What flashed through my head as I drove was the memory of when I left home for college.  I had only considered schools that were quite a distance from my hometown, so in August of my freshman year, my parents and I had a full day’s drive to my university.  I cried a bit during that drive; because there was a boy I thought I’d really miss.  (In case you’re wondering, I broke up with him over the phone less than a week later.)  But there was no question that I was excited. I’d lived my entire life in a small rural community and I was going to an urban university that recruited students from all 50 states and over 100 foreign countries.

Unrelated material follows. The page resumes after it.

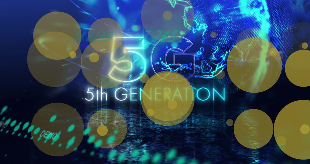 This visual representation features an animated depiction of 5G technology, with a digital globe over a dark, abstract background. Ideal for projects centered on technology advancements, future communications, and global networking. Useful for tech industry presentations, educational materials, and promotional content that emphasizes connectivity innovations.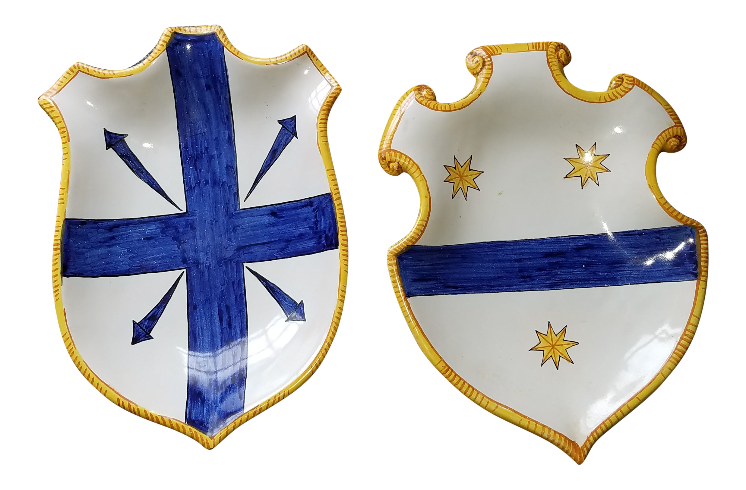 Cartouche Or Shield Form Italian Faience Wall Plates A Pair

Once on campus, there were nerves of course.  Would I love it as much as I’d loved my visits?  Would I fit in?  How would I manage sharing a room for the first time?  My parents and I unloaded their minivan and we made my bed, hung my clothes and plugged in my answering machine.  (Yes, I’m that old.)  Soon I heard music coming from down the hall.  I told my folks I’d be back in a minute and left to investigate.  The song was from my favorite artist, Billy Joel.  But it was from his first solo album, Cold Spring Harbor, an album only a true fan would know.

And so it began.  Kelly was my first connection at college, the first confirmation that I’d made the right choice.  I went on to find my people, including the man I married 16 years later, (though that’s a story for another blog post) and many friends who joined us on campus where we said our vows.  This morning, I sent a link to photos of my daughter’s first day to one of my college roommates, who lives in England.  My life has been powerfully enriched in so many ways by my undergraduate alma mater that I have neither the words nor the space to encompass it all here.

So it will be for you.  Give yourself the time and the space and the resources to learn – about who you are, about what you want for your future and about the colleges and universities in your country and around the world that can help you become the person you’ve always dreamed you could become.  When you do that, I promise – you won’t need to look back either.